Back in April 2018, US co-working space leader WeWork said it would buy Shanghai-headquartered rival Naked Hub for an undisclosed amount. The Hong Kong-based private equity firm and property developer Gaw Capital Partners invested in Naked Hub in November 2016 which would help finance the opening of new Naked Hub workspaces across China, Hong Kong, Singapore and other key cities in southeast Asia. That expansion plan was supported by the opening of multiple locations in London in the first quarter of 2018, among them 123 Buckingham Palace Road — a Gaw-owned property currently occupied by Google.

Naked Hub, which opened in 2015 and had 10,000 members in 24 locations, was as large in China as WeWork, which had 10,000 members in a dozen locations. Combined, WeWork expects to have a community of one million in Greater China by the end of 2021, WeWork founder and CEO Adam Neumann said in a statement announcing the deal in April.

According to the Q1 2018 Asia Pacific office trends report from CBRE, co-working operators continue to expand aggressively in China.

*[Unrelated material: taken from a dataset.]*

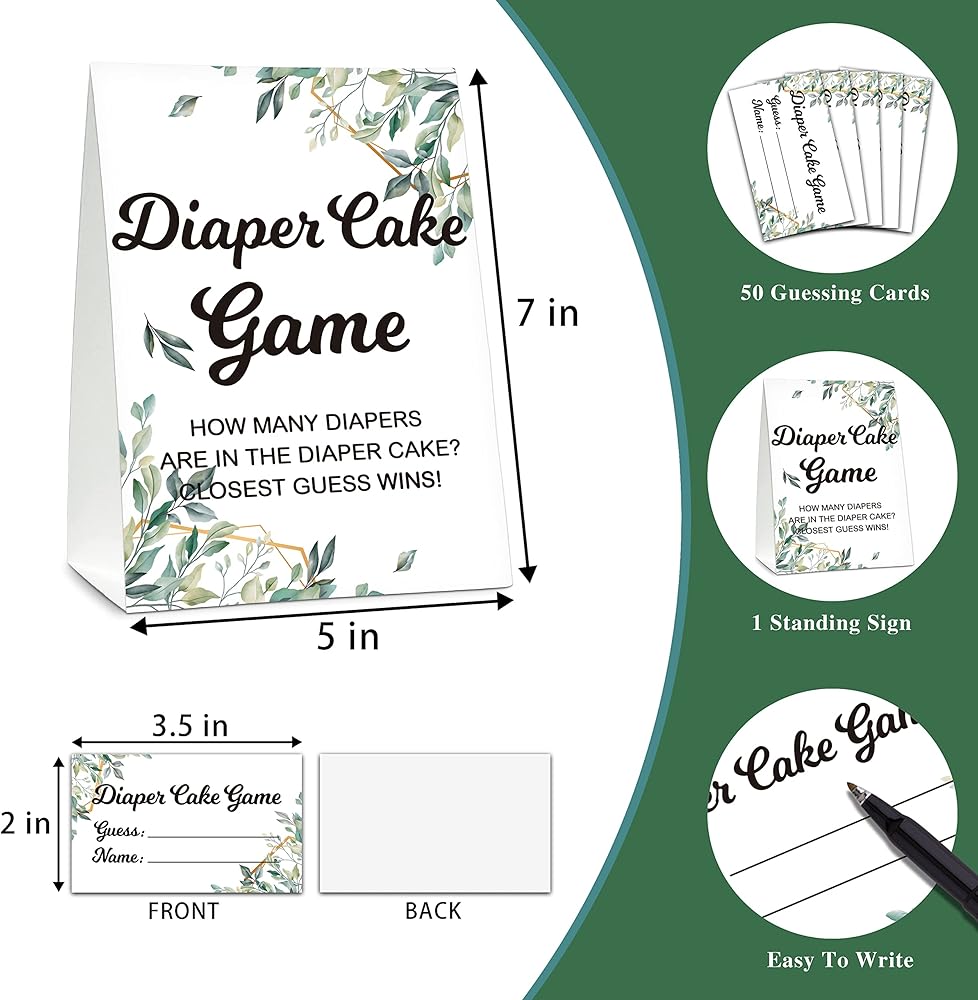 1)Each pack including: 1 self-standing double sided sign, 50 guessing cards, which could meet enough guests party requirement with only one pack of our game card set. 2)The size of the standing sign is 5"x7", double-sided design; the size of the guessing card is 2.1"x3.5", easy to carry and write. 3)The standing sign is made of 300 grams coated paper, thick and hard enough to self-stand no frame needed, which can stand independently. Besides, we use advanced printing technology to print rich and bright colors on high-quality cardboard. 4)All guessing cards are made from a thick and heavy-duty paper, which is much more elegant and easy for writing with many pen types. Single-sided printing in rich, beautiful colors. Each of the note cards are blank on the back and leaves plenty of space for expressing your diaper thoughts. 5)This Baby Shower Game is a fun activity for all types of guests at a baby shower, which also can be done with your family and friends by having them guess and fill out the cards with a full of joy and excitement!

“Demand is focused on Shanghai, where large overseas firms and local providers are taking space in Grade A buildings as they seek to compete with traditional serviced offices. Most operators in Beijing are focusing on factory conversions, low rise properties and Grade B premises,” the report states.

A similar surge in co-office space demand was seen all over the Asia Pacific region, according to the CBRE report.